Hay una cosa casi tan placentera como leer que es elegir los libros.
Me encanta perderme entre los estantes de una librería, y no me mareo ni aunque sean rebajas y dicha librería sea la delcortinglés.
Tengo distintas formas de elegir un libro que paso a enumerar sin orden de preferencia:
- Que alguien– en cuyo gusto literario confías, claro- te lo recomiende.
- Por la confianza que te inspire el autor. El caso es que yo sólo me he prometido fidelidad eterna a mi misma y vitalicia a mi sansebastian. Así que ya me puede gustar mucho García Márquez, Javier Marías, Pérez Reverte o Philipe Claudel, que cada romance con ellos tienen que currárselo mucho. Que una es fácil hasta cierto pie. A día de hoy sólo me compraría libros con los ojos cerrados de dos autoras: Ana Gavalda y Marian Keyes.
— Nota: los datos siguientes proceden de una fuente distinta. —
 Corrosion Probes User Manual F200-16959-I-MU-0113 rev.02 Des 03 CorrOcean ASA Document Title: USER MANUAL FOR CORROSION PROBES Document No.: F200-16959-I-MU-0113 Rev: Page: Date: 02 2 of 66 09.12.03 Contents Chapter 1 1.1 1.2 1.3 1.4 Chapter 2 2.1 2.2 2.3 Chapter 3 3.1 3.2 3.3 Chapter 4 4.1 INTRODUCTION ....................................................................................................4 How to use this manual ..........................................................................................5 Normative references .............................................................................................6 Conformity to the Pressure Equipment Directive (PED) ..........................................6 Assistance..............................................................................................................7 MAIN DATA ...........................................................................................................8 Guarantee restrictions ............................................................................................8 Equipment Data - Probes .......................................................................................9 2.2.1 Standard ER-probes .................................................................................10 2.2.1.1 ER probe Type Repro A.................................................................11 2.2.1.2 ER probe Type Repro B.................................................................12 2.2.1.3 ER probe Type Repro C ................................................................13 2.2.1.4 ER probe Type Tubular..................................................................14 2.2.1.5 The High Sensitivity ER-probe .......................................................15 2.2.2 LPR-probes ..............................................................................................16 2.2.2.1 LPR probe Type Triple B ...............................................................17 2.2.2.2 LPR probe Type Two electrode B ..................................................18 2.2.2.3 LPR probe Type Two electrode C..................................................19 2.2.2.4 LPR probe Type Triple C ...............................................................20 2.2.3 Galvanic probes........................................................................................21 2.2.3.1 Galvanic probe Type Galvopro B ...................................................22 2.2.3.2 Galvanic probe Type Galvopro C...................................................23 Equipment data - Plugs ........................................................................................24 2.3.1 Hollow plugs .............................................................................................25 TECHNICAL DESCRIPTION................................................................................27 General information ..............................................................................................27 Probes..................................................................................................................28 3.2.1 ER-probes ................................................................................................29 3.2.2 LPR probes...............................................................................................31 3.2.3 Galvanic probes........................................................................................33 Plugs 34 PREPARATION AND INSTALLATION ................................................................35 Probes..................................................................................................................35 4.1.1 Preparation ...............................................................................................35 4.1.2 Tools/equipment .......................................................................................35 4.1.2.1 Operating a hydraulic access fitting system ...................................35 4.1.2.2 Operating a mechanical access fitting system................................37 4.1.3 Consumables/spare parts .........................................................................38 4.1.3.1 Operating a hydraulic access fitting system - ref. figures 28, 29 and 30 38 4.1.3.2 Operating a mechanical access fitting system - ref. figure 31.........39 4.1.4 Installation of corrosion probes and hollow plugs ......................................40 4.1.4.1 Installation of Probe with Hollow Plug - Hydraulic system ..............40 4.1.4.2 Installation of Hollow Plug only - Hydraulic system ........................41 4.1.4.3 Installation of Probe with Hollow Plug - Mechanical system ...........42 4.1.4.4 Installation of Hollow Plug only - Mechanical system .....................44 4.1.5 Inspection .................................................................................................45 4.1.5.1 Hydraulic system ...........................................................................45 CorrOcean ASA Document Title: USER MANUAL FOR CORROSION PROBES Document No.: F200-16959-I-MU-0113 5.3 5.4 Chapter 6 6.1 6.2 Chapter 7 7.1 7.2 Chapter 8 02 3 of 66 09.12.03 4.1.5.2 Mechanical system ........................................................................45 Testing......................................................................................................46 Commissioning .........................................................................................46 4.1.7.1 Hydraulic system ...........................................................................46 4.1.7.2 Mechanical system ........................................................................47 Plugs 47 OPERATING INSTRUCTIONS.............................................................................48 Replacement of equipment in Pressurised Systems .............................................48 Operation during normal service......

Pero eso es hoy. Quizás mañana ya no. Es lo que tiene saber qué te puedes encontrar en un libro y que tu ambición puntual sea ésa y no más.
- Que te atrape el argumento. Coges uno al azar. Le das la vuelta lees la contraportada y te dices, ¡vaya tostón! o ¡me llega, me toca, me encanta! Yo elegí de esta guisa Historia de un matrimonio de Andrew Sean Greer y no me decepcionó.
- Que me enamore el título. Es la forma de selección más romántica y arriesgada pero también con la que más disfruto al acertar. Si nadie habla de las cosas que importan, de Jon McGregor, o La lluvia antes de caer, de Jonathan Coe, están en mi estantería por ese flechazo.
- Acariciar las letras y sentir el pinchazo del QUIERO o el del NI HABLAR. Abres el libro no importa si por la dedicatoria, en plena trama o casi al final. Y saboreas unas líneas. Y le das la vuelta en el paladar. La duda pegajosa se queda en la conciencia, que se resuelve en casa si ganó el quiero, o duerme en la oscuridad de las decisiones no tomadas, si se llevó la victoria el ni hablar.
- Y, por último, cuando hay prisa, me confío a la editorial. Salamandra y Anagrama son mis favoritas.
Hoy he dado un paseo rápido por las estanterías delcortinglés. ¿Para qué me apuntaría yo al Círculo de Lectores? Y me he traido casi sin pensar La Cena de Herman Koch, Nieve en Otoño de Irene Némirovsky y El vals lento de las tortugas, de Katherine Pancol.
Ya os contaré qué tal.

Pues ya me dirás cuál merece la pena de los que comentas, porque no me leido ninguno..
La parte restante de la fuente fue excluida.